As cost function, for predicting classification, using formula

Wherein λ_coordAnd λ_noobjBe in order to allow cost function to make balance between bounding box and the cost of probability, andIndicate mesh It marks in present i-th of grid,The target for indicating the corresponding prediction of j-th of bounding box in i-th of grid, finally obtain as Under cost function:

Step S403 is input to the data marked being collected into step S401 in network, the parameter of each layer according to The mode of Xavier initializes, and using the stochastic gradient returned as bounding box coordinates with loss function composed by object classification Descent algorithm is calculated loss gradient and is finely adjusted using reverse conduction algorithm to the parameter in layers all in whole network, is reached The purpose that network is trained.

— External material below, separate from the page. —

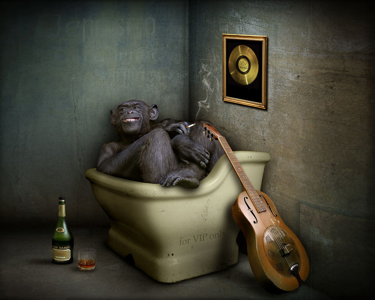 Похожие обои на Обезьянка с коньяком и гитарой:

6. a kind of full convolution object detection method of intensive connection convolutional neural networks according to claim 1, feature It is, in the step S1, the network structure for replacing connection with conversion layer using intensive link block carries out feature extraction, can extract More preferably there is the Feature Mapping of identification into image.

7. the feature pyramid under a kind of intensive connection convolution according to claim 1 " and " parallel path " composition FPN network, can efficiently use high semantic low scale and high yardstick is spoken in a low voice the Feature Mapping of justice, construct have it is high semantic special The feature pyramid of sign, large scale and high location information.